Enabling CC mode on GPU.

  cd ~/nvidia_setup
  git clone https://github.com/NVIDIA/nvtrust.git
  cd ~/nvidia_setup/nvtrust 
  git submodule update --init 
  cd host_tools/python

  sudo python3 ./nvidia_gpu_tools.py --gpu-name=H100 --query-cc-mode
  sudo python3 ./nvidia_gpu_tools.py --gpu-name=H100 --set-cc-mode=on --reset-after-cc-mode-switch
  lspci -d 10de: -nn
  sudo modprobe vfio
  sudo modprobe vfio_pci
  sudo sh -c "echo 10de 2331 > /sys/bus/pci/drivers/vfio-pci/new_id"

• Please use device number returned in lspci -d 10de: -nn for setting the new_id.

• Follow the steps mentioned in wiki to prepare a guest image.

  cd ~/nvidia_setup/tdx/guest_tools/image
  sudo ./create-td-image.sh

Boot TD with GPU passthrough

• To passthrough the GPU card to TD, say 38:00.0, run the run_td.sh script with -d as an argument.
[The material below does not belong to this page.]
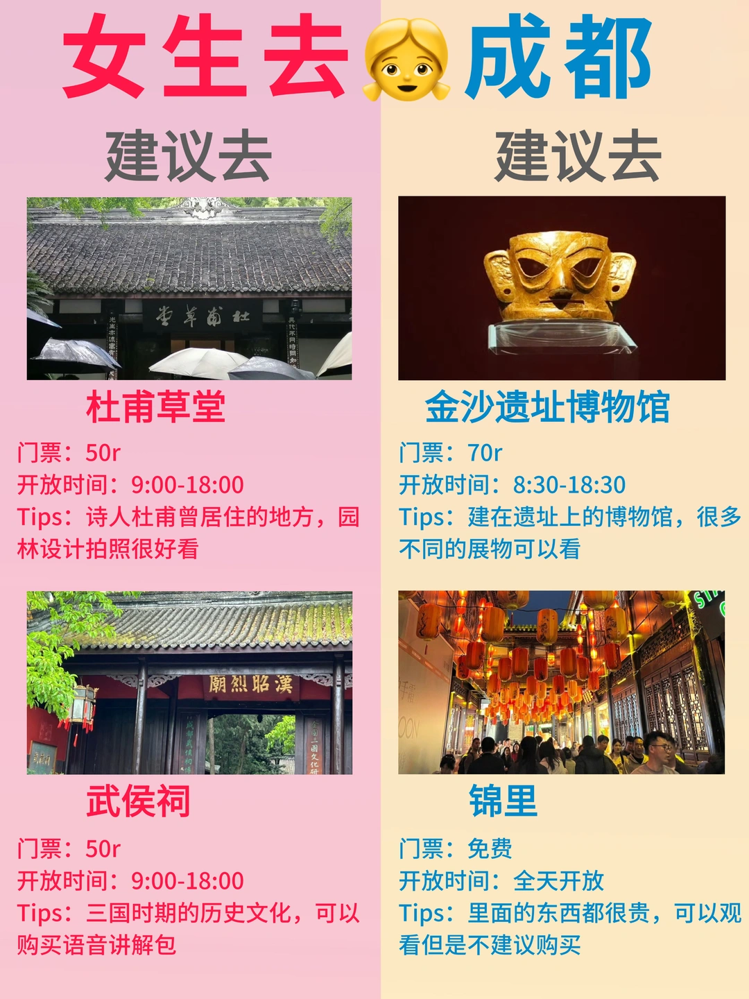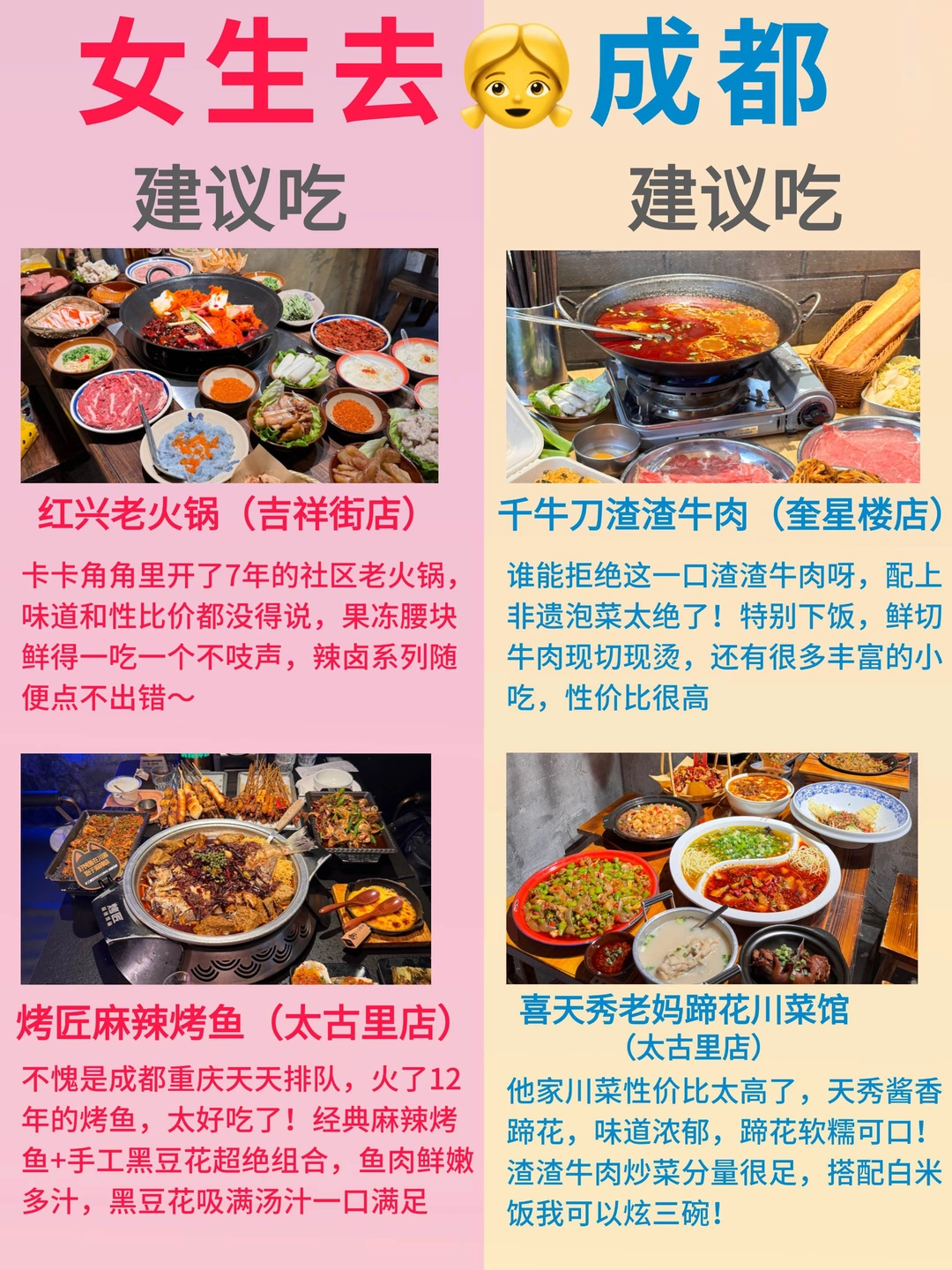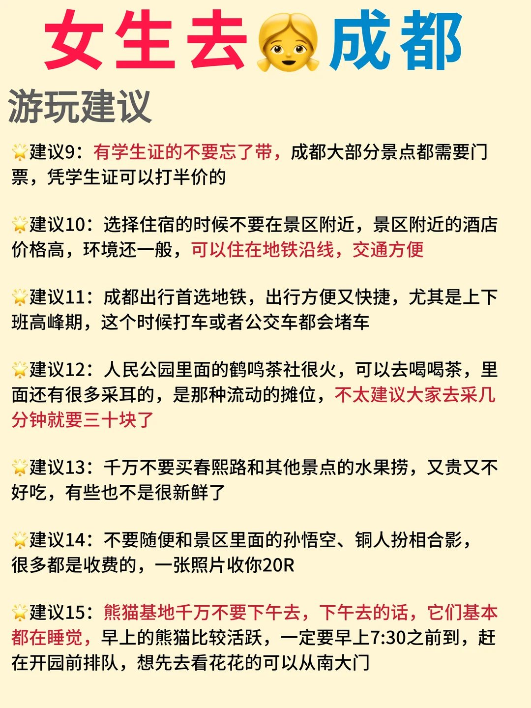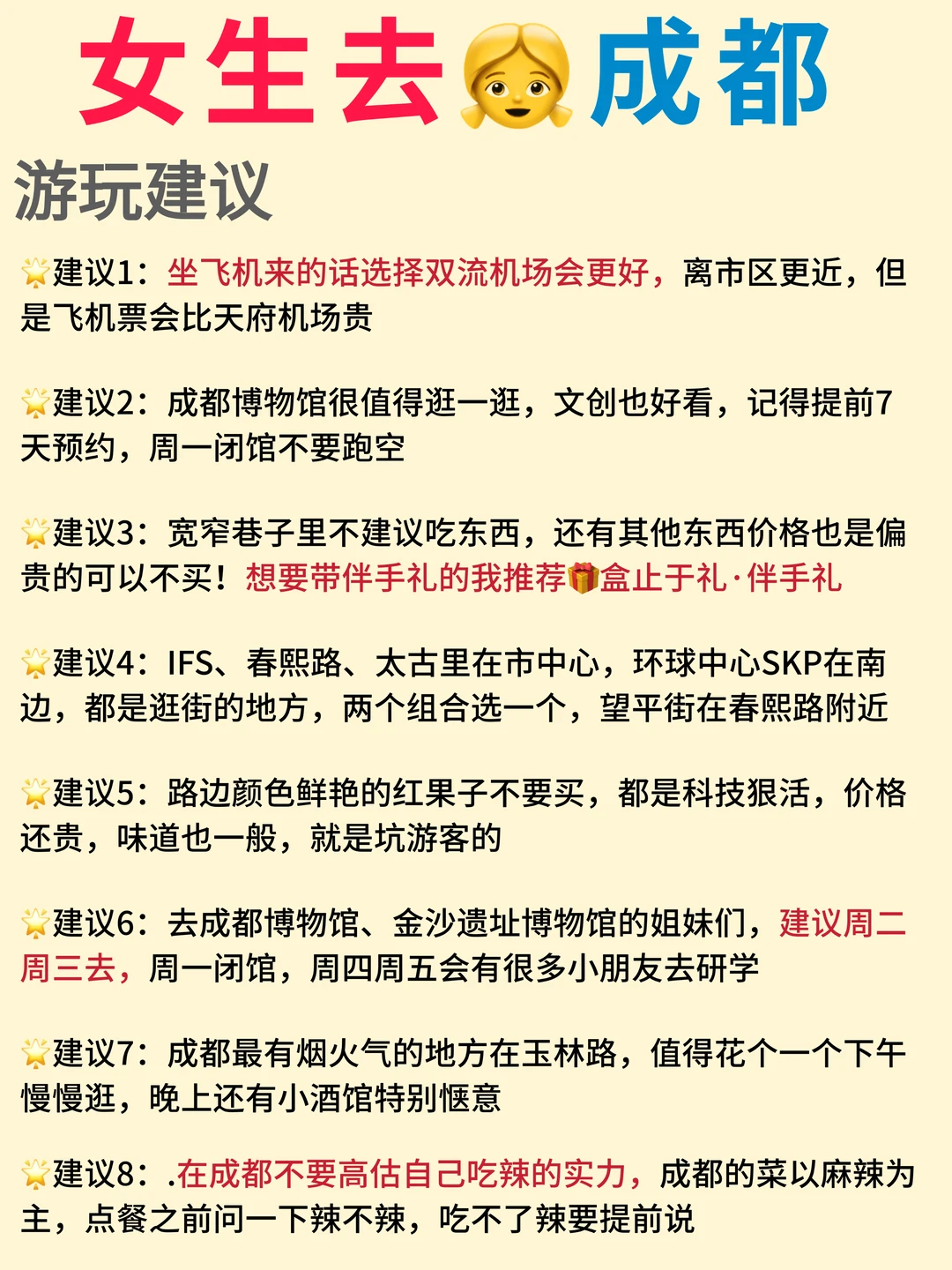 现在来成都耍正是好时候,吃喝玩乐样样俱全,主打一个开心旅游✌️ - 来成都要注意的tips ✈️坐飞机选择双流机场 🚇出行首选地铁,交通便利不堵车 💕吃不了辣,吃不惯折耳根的宝子要提前跟老板说 🚶♀️景点主动打招呼的不要理,特别是递东西过来的,不要接 👂不要在路边采耳,不卫生也没有保障 🎁别忘了带一份熊猫礼盒伴手礼:- ✅土著认证的成都美食 💕红兴老火锅(吉祥街店) 💕烤匠麻辣烤鱼(太古里店) 💕千牛刀渣渣牛肉(奎星楼店) 💕喜天秀老妈蹄花川菜馆(太古里店)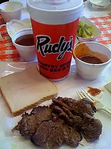 Rudy's Country Store and Bar-B-Q is a barbecue restaurant established in Leon Springs, a district of San Antonio in the U.S. state of Texas in 1989.[1] The company operates restaurants in Texas, Arizona, Oklahoma, New Mexico, Colorado, and Florida and sells products online.

  cd ~/nvidia_setup/tdx/guest-tools/
  sudo ./run_td.sh -d
  

• If you are login as normal user, use sudo for all the commands need root privilage

Enabling LKCA on the TDVM

vi /etc/modprobe.d/nvidia-lkca.conf
install nvidia /sbin/modprobe ecdsa_generic; /sbin/modprobe ecdh; /sbin/modprobe --ignore-install nvidia
update-initramfs -u

Install NVIDIA Driver and CUDA Toolkit

• Setup proxy inside TDVM, if the environment is behind a proxy

wget https://developer.download.nvidia.com/compute/cuda/repos/ubuntu2404/x86_64/cuda-keyring_1.1-1_all.deb
dpkg -i cuda-keyring_1.1-1_all.deb 
apt-get update
apt-get -y install cuda-toolkit-12-5
apt install -y nvidia-driver-550-server-open
reboot

• After successful installation for nvidia driver and reboot, check whether nvidia-persistenced is running

  ps -aux | grep nvidia-persistenced
  

• Modify the service that automatically launches nvidia-persistenced

  vi /usr/lib/systemd/system/nvidia-persistenced.service
  # Change:
  ExecStart=/usr/bin/nvidia-persistenced --user nvidia-persistenced --no-persistence-mode --verbose
  # to this:
  ExecStart=/usr/bin/nvidia-persistenced --user nvidia-persistenced --uvm-persistence-mode --verbose
  

• Tell systemd to reload its modules, and reboot the guest

  systemctl daemon-reload
  reboot
  

• Validating State and Versions
  • Checking GPU CC mode status

  nvidia-smi conf-compute -f
  

  • Checking VBIOS version, Minimum version needed is 96.00.5E.00.00

   nvidia-smi -q | grep VBIOS
  

  • Checking GPU Ready state

  nvidia-smi conf-compute -grs
  

  • Changing GPU to ready state

  nvidia-smi conf-compute -srs 1
  

  Now the guest VM is ready to operate in CC mode with secured H100 accelerator.